The problem :: In the listing below, find the line containing "9月13日,中国队在混合4X400米接力预赛中交接棒。新华社记者 贾浩成 摄" and the line containing "Bild 1: Das", then copy exactly everything from the first through the second, except the pictures.

Data extract ::
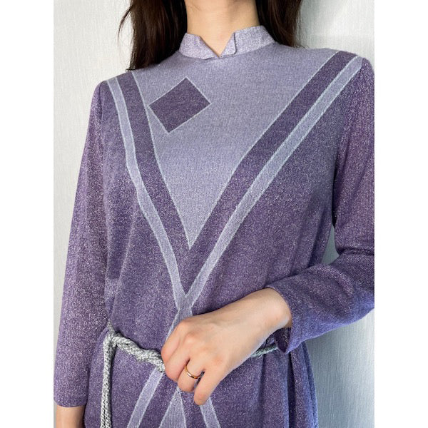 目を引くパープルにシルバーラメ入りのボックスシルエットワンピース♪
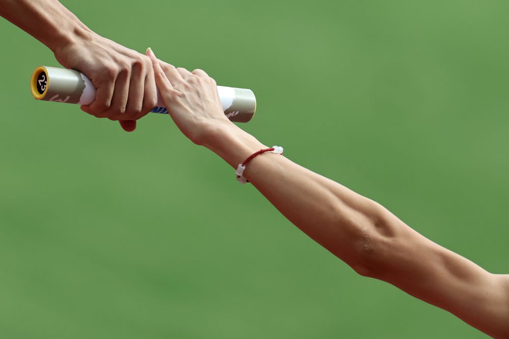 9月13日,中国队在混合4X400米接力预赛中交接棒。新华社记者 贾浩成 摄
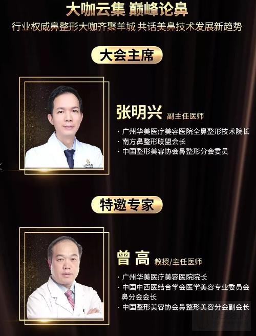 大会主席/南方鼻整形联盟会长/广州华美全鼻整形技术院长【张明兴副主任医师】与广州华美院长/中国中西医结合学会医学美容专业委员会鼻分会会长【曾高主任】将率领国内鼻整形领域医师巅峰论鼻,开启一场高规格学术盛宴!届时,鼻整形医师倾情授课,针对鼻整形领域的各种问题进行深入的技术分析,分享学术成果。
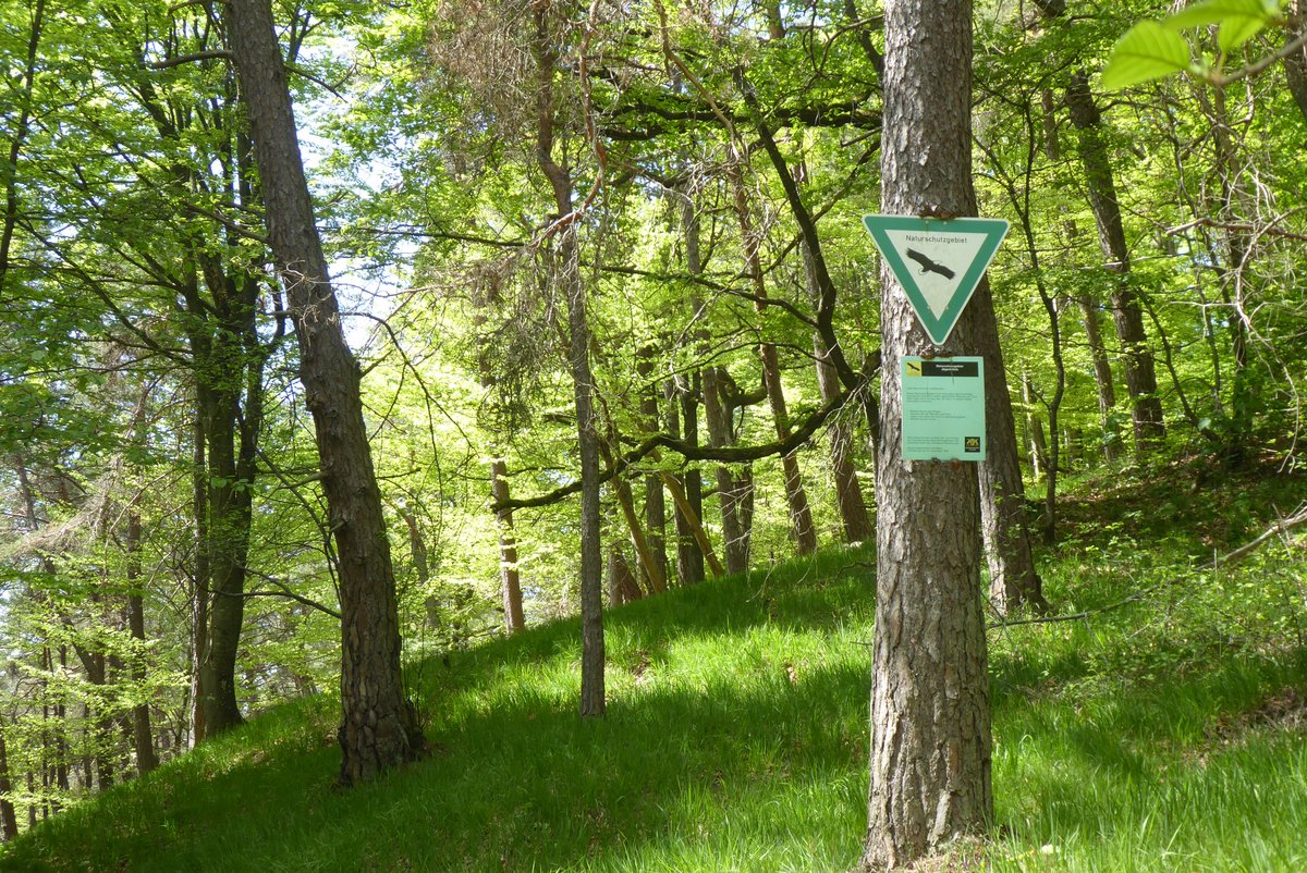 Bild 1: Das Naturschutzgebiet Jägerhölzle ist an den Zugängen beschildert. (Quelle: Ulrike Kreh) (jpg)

...

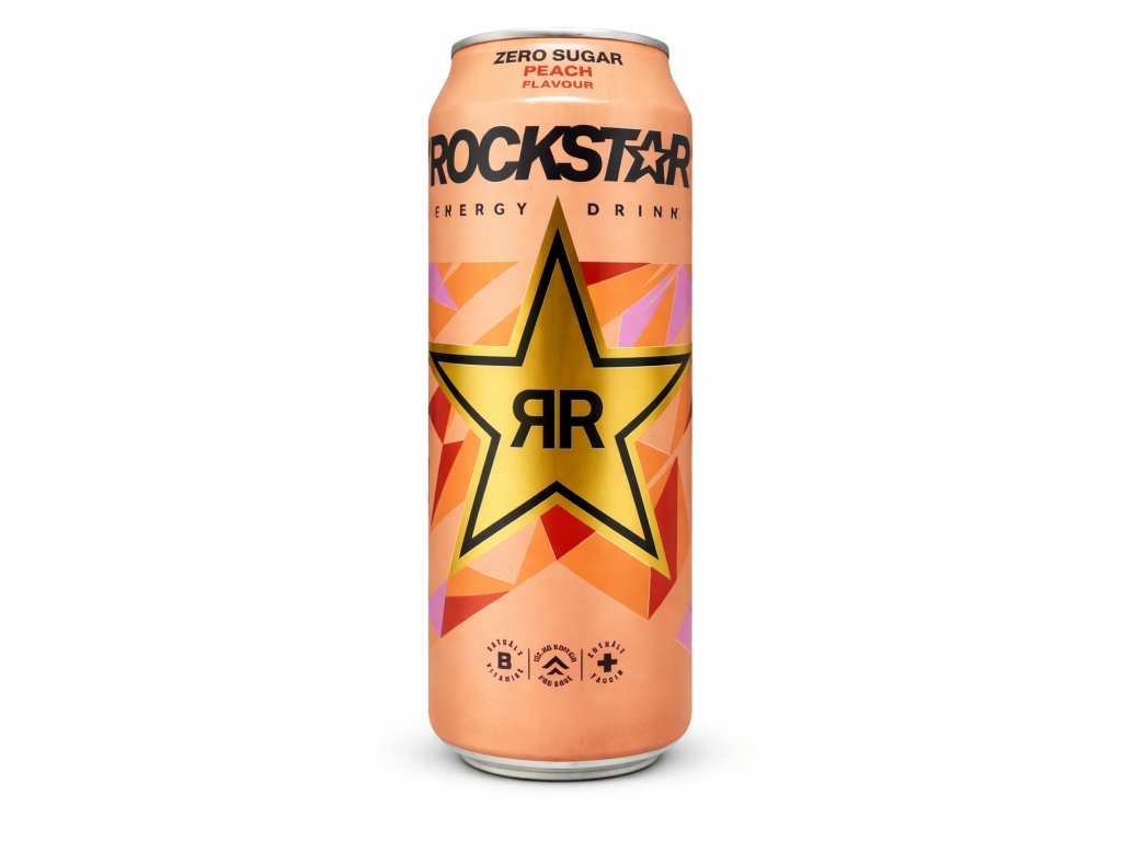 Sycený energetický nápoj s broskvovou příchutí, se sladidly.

* * *

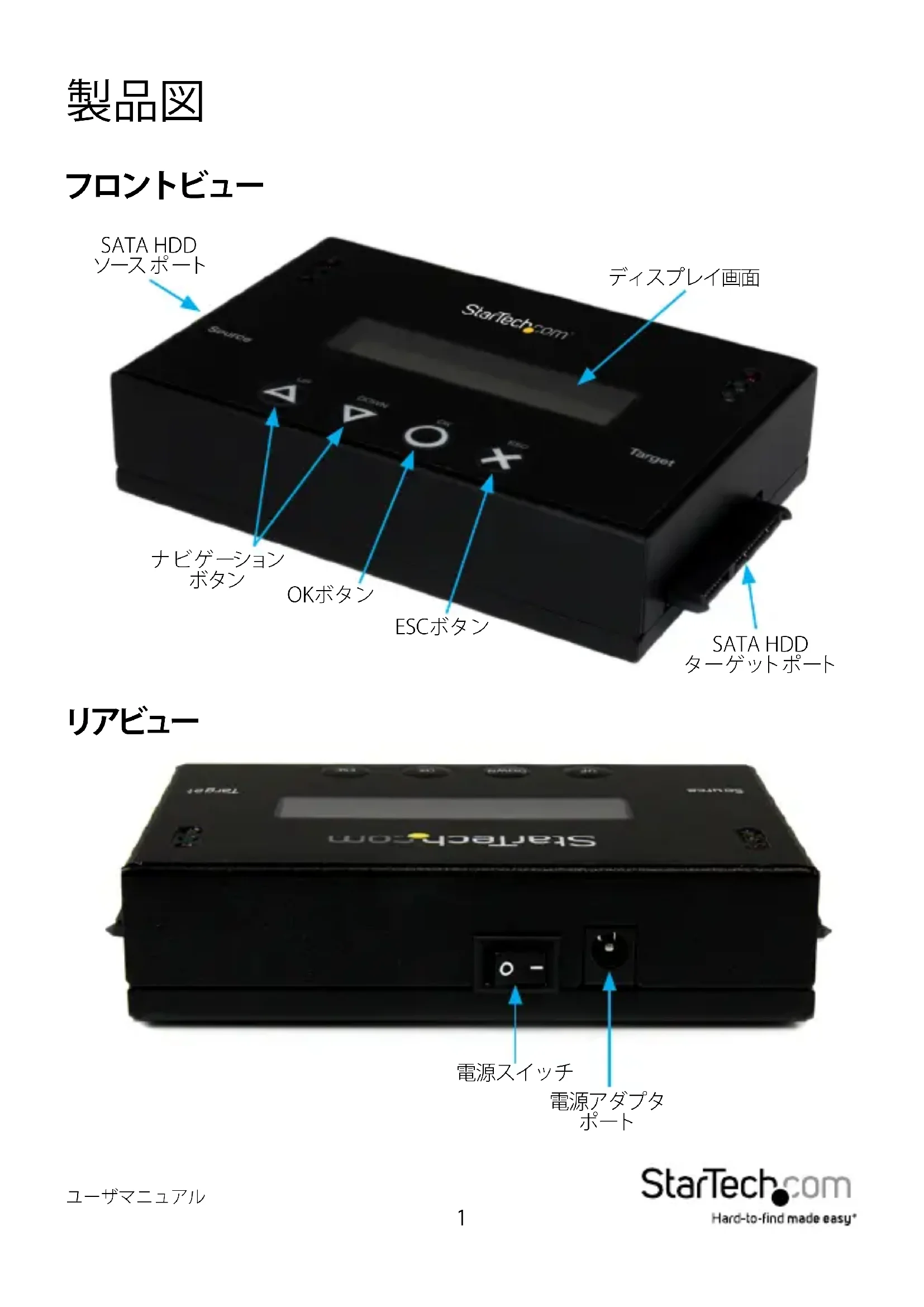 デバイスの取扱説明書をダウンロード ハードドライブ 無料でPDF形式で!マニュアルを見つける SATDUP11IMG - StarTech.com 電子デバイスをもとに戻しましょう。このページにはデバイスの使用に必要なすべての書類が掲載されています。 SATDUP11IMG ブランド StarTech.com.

Result of the exercise ::
 9月13日,中国队在混合4X400米接力预赛中交接棒。新华社记者 贾浩成 摄
 大会主席/南方鼻整形联盟会长/广州华美全鼻整形技术院长【张明兴副主任医师】与广州华美院长/中国中西医结合学会医学美容专业委员会鼻分会会长【曾高主任】将率领国内鼻整形领域医师巅峰论鼻,开启一场高规格学术盛宴!届时,鼻整形医师倾情授课,针对鼻整形领域的各种问题进行深入的技术分析,分享学术成果。
 Bild 1: Das Naturschutzgebiet Jägerhölzle ist an den Zugängen beschildert. (Quelle: Ulrike Kreh) (jpg)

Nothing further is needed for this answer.